## WHAT YOU ARE ASKED TO DO:
From the entries below, write out exactly the lines between the line holding "Silver Moissanite Diamond" and the line holding "見ていただきありがとうございます。良かったらフォローいいねお願いします。 古着チックなコーデ ペイズリー柄解禁シャツ", inclusive, excluding any pictures.

[Dataset excerpts]
-*-*-
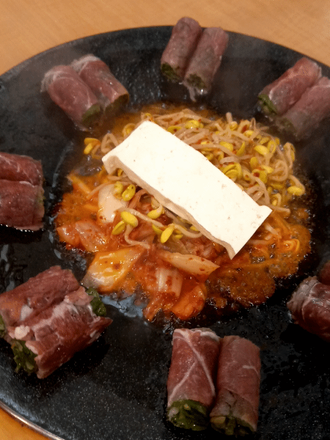 고기말이와 김치 콩나물이 자박자박하게 구워지는 소리가 맛있겠더라고요.
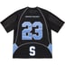 Poly eyelet mesh with dazzle sleeves. Tackle twill logo and graphic appliqué at front and back. Printed patch on back and athletic label at lower front.
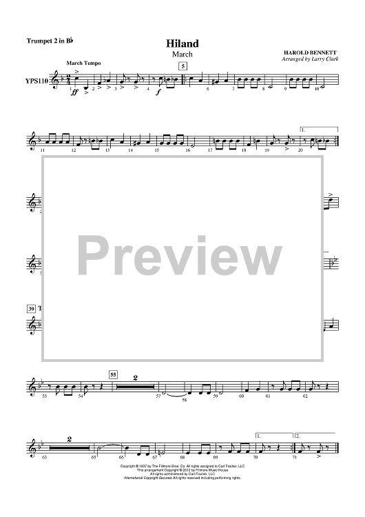 Digital Sheet Music for Hiland (March) - Trumpet 2 in Bb by Larry Clark, Harold Bennett scored for Concert Band; id:431416
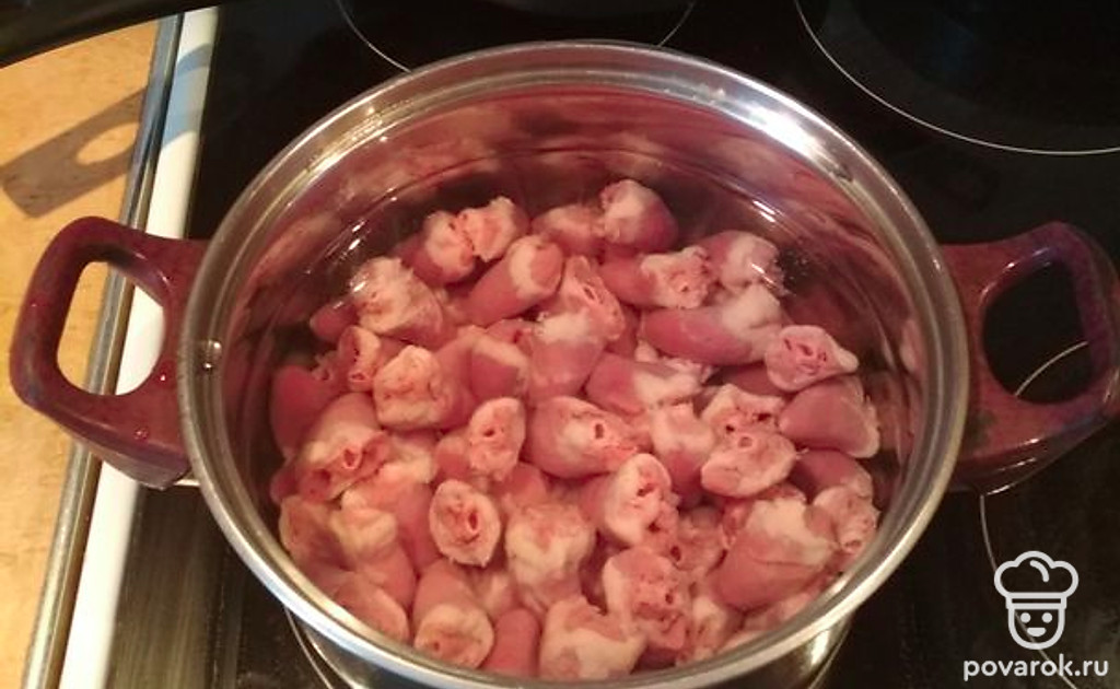 Куриные сердечки, помыть и отварить до готовности примерно час. Куриные яйца также отварить.
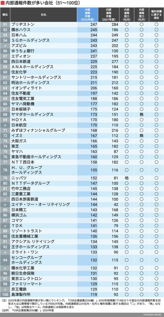 ビジネス #CSR企業総覧 前の記事 次の記事 「内部通報件数が多い企業ランキング」上位100社 ビッグモーターの不正請求で注目の内部通報制度 7分で読める 公開日時:2023/12/29 05:30 岸本 吉浩 東洋経済 記者 フォロー 1/5 PAGES 2/5 PAGES 3/5 PAGES 4/5 PAGES 5/5 PAGES
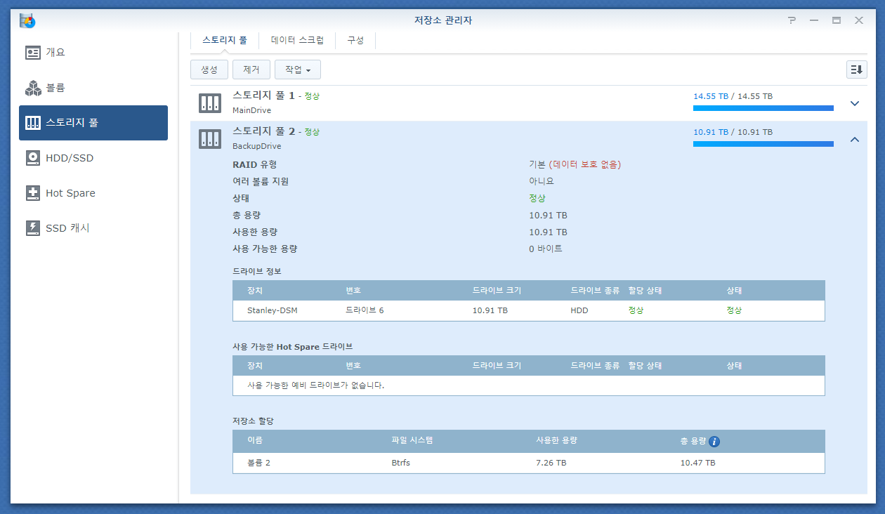 12TB 하드디스크는 단일로 동작합니다. 순수 백업으로만 동작합니다.
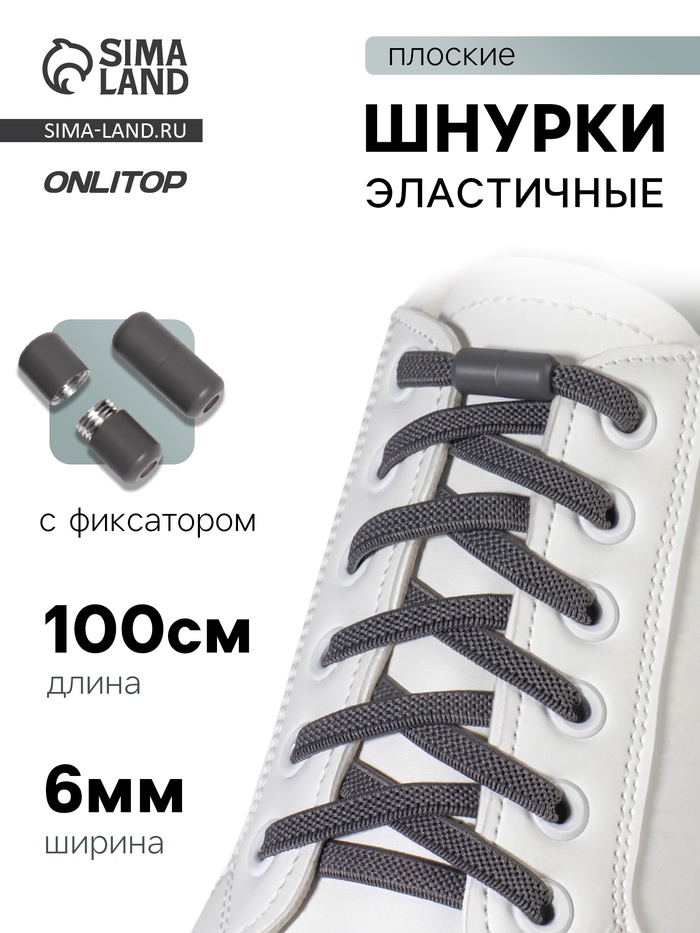 Шнурки для обуви, пара, плоские, с фиксатором, эластичные, 6 мм, 100 см, серые
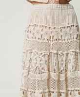 Gonna longuette in cotone crochet con ricami floreali, elastico in vita, fodera in georgette creponne.
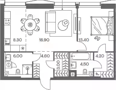 30 487 200 ₽2-к.квартира, 62.3 м², 4 эт.
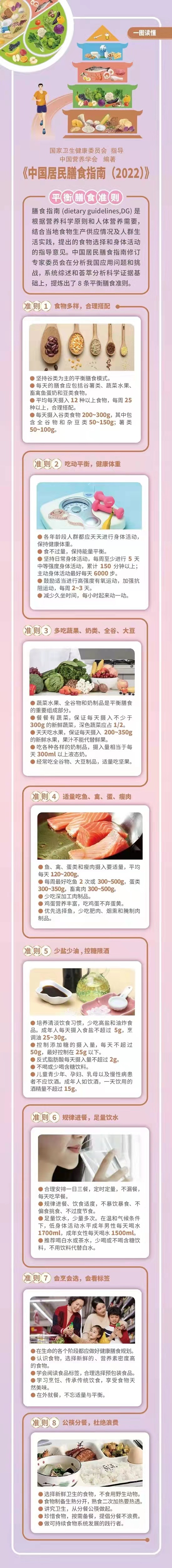相比2016年版本,本次发布的指南中提炼出了平衡膳食八准则:一、食物多样,合理搭配;二、吃动平衡,健康体重;三、多吃蔬果、奶类、全谷、大豆;四、适量吃鱼、禽、蛋、瘦肉;五、少盐少油,控糖限酒;六、规律进餐,足量饮水;七、会烹会选,会看标签;八、公筷分餐,杜绝浪费。
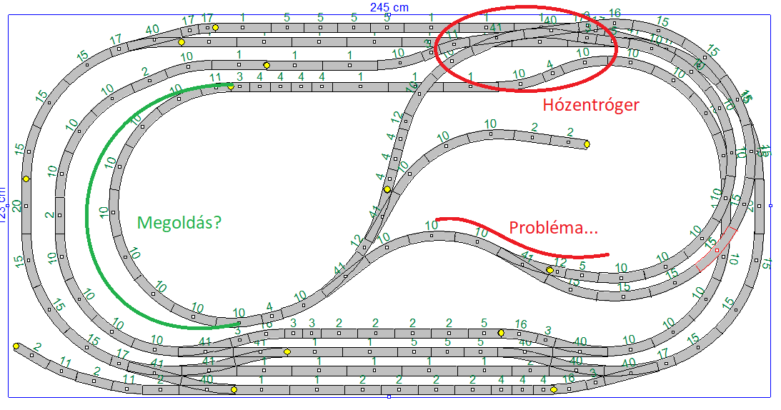 Köszönöm az értékes hozzászólást! Nincs gyakorlatom a pályaépítésben és fontolóra veszem a dolgot! A hózentróger nem hiszem,hogy befér mert az nem kalapos sines és az átalakítóval brutálisan hosszú lenne az ívek nem jönnének ki..Először pedíg úgy terveztem kb,hogy rajzoltad az ívet de túlságosan kiment bal oldalt a kivitelezési rajz arányaihoz képest ezért húztam össze. Megépítem és futáspróbákat hajtok végre. Ez csak egy terv a sok közül így szokott lenni mikor nyomtatott áramkört tervezek akkor is  |
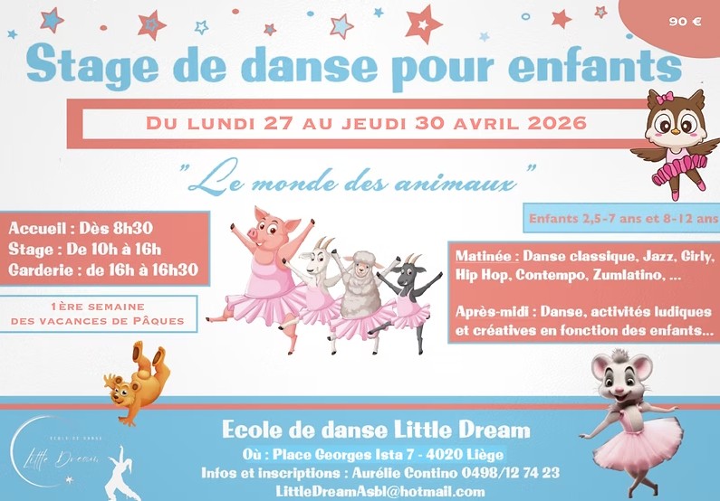 Le stage est divisé en deux groupes d'âge, en matinée nous mettons en place les cours de danse : les enfants de 2,5 à 6 ans et ceux de 7 à 12 ans. Chaque groupe bénéficie d'un programme adapté à son niveau et à ses besoins spécifiques, assurant ainsi une expérience enrichissante pour tous. L'après-midi, nous mettons en place les activités ludiques et créatives en fonction du thème de la semaine, ils auront d'ailleurs la possibilité de repartir avec leurs créations uniques.
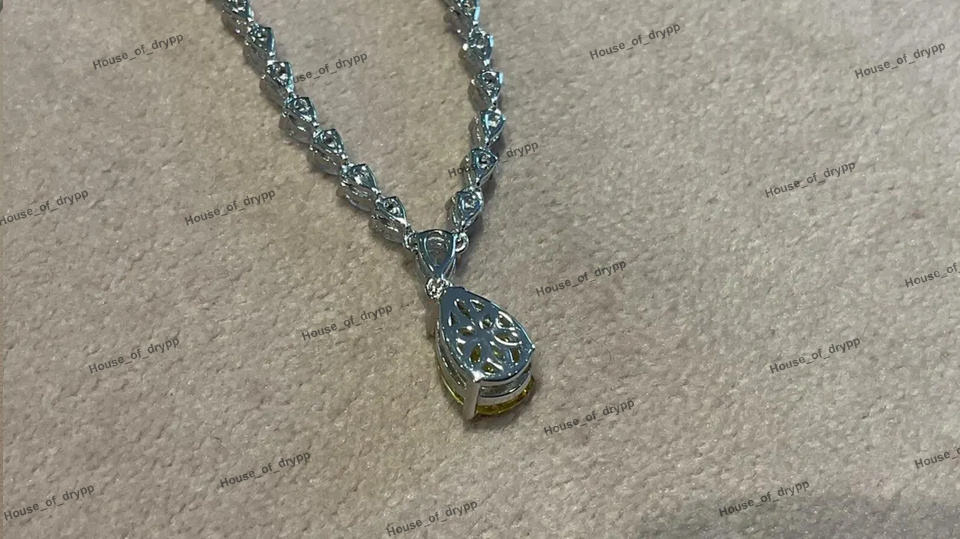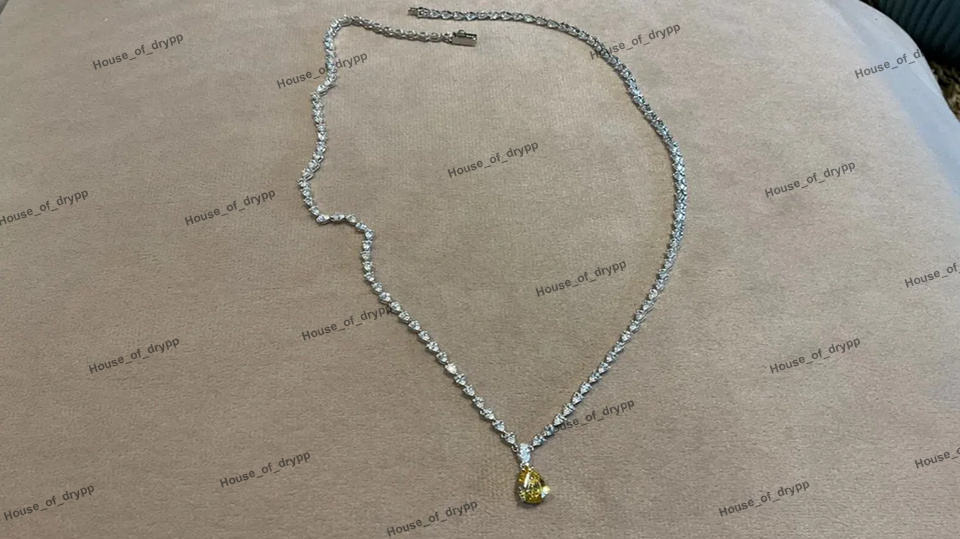 Silver Moissanite Diamond Y Drop Necklace Silver Pear Shape Pendant Sparkling Elegant Luxury Daily Party Wear Necklace
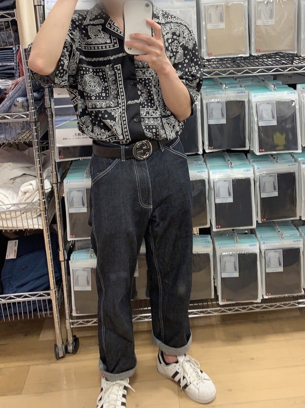 見ていただきありがとうございます。良かったらフォローいいねお願いします。 古着チックなコーデ ペイズリー柄解禁シャツ M デニムワイドパンツ S
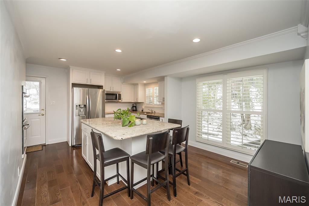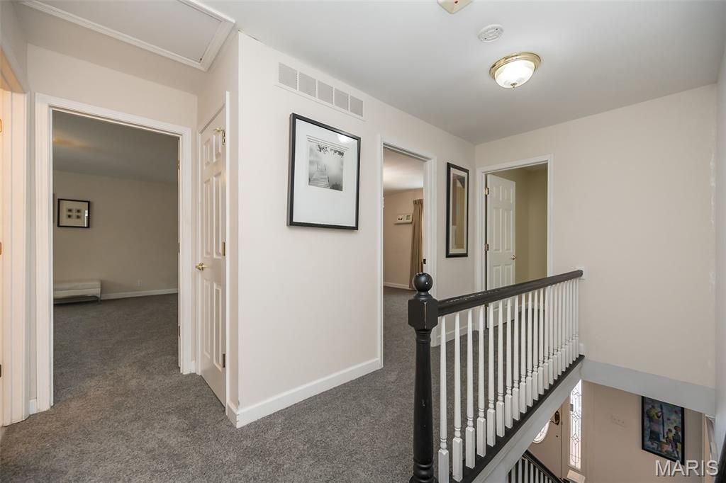 NEW year = New House! Discover this stunning five bedroom, one and a half story home on over a 3/4 -acre private lot backing to trees for serene views. Enjoy outdoor living with a private covered patio and deck off the family room. Step inside where walls have been opened to create a bright, open floor plan featuring newer hardwood floors throughout the main level. The spacious kitchen boasts a large island, new dishwasher and microwave, and convenient main-floor laundry. The main-floor primary suite includes a full en suite bath. Upstairs, find four additional bedrooms and a second primary bedroom, walk in closets, new carpet, and two full baths. The walk-out lower level offers a rec room, a rough in for a full Bathroom and a work out area. Located in top-rated Parkway Schools, close to Faust Park, the Butterfly House, and with easy access to Hwy 40 corridor. New Roof has been installed!
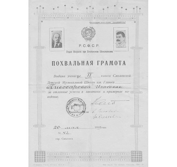 Похвальная грамота, врученная Изабелле Пивоваровой по итогам второго класса Смоленской детской музыкальной школы им. Глинки. 20 мая 1939 г.
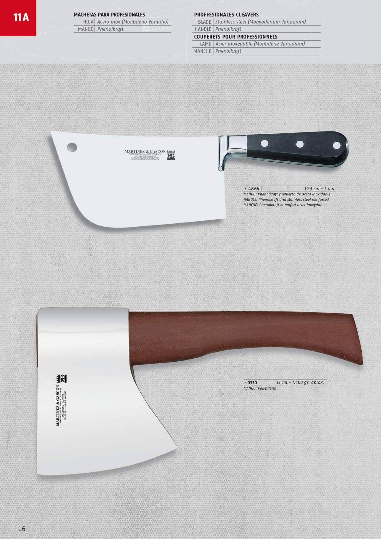 Macheta per professionisti. Maniglia in Phenolkraft e rinforzo in acciaio inossidabile. Lunghezza lama: 19,5 cm Spessore lama 3 mm.
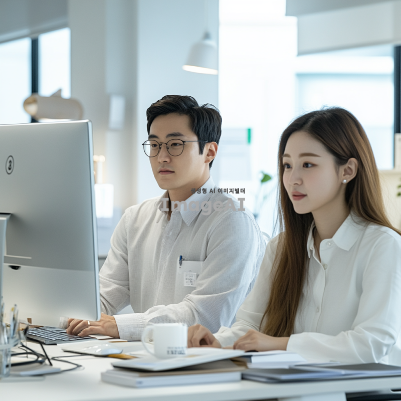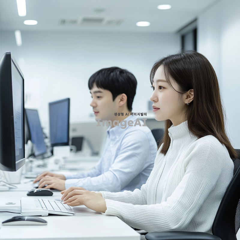 화이트톤의 깔끔한 사무실에서 한국인 직장인 남녀가 각각 앉아 컴퓨터로 강의를 듣고 있는 장면. 컴퓨터 모니터, 마우스, 키보드가 보이며, 책상은 깔끔하게 정돈되어 있음. 주변에는 최소한의 물품만 배치되어 있어 심플하고 정돈된 느낌을 줌. 사진을 통해 직장인, 강의, 자격증의 키워드가 떠오를 수 있도록 구성. 업무용 교육자료와 PPT 자료에 적합한 이미지.
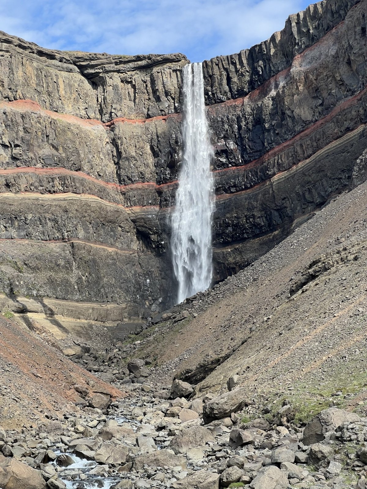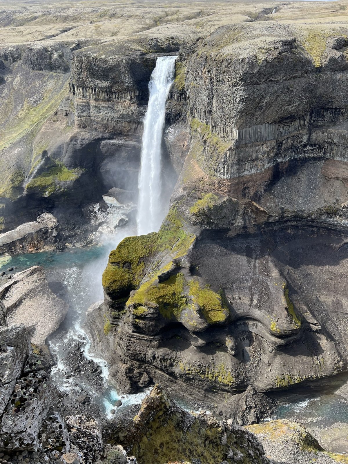 Po teplom kúpaníčku sme už cestovali k vodopádu Haifoss, ku ktorému viedla horšia kamenistá cesta, ale stojí za to! Toto miesto nás veľmi milo prekvapilo a zostali sme tu o niečo dlhšie. Bolo tam málo ľudí a zároveň skvelý výhľad na vodopád a celú roklinu.
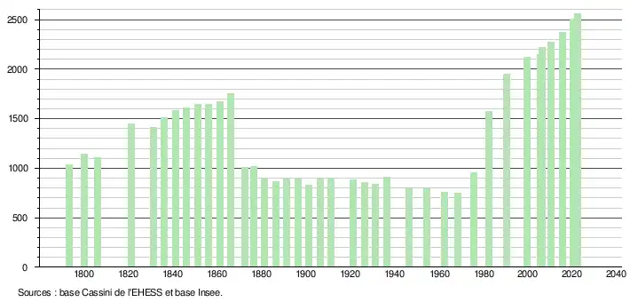 - ↑ Fiches Insee - Populations de référence de la commune pour les années 2006, 2007, 2008, 2009, 2010, 2011, 2012, 2013, 2014, 2015, 2016, 2017, 2018, 2019, 2020, 2021 et 2022.
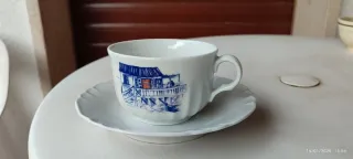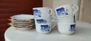 Elegante set di sei tazze in porcellana con una delicata decorazione. - Design con raffigurazioni di case su palafitte. - Manici comodi per una presa sicura. - Ideali per la colazione o una pausa tè.
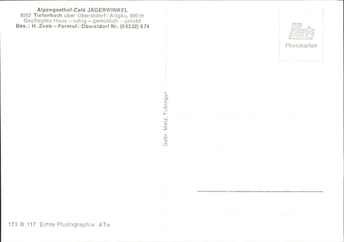 40807150 Tiefenbach Oberstdorf Allgäu Gasthof Cafe Jägerwinkel * KatCode 11110009780133
-*-*-
## ANSWER TO THIS TASK:
 Silver Moissanite Diamond Y Drop Necklace Silver Pear Shape Pendant Sparkling Elegant Luxury Daily Party Wear Necklace
 見ていただきありがとうございます。良かったらフォローいいねお願いします。 古着チックなコーデ ペイズリー柄解禁シャツ M デニムワイドパンツ S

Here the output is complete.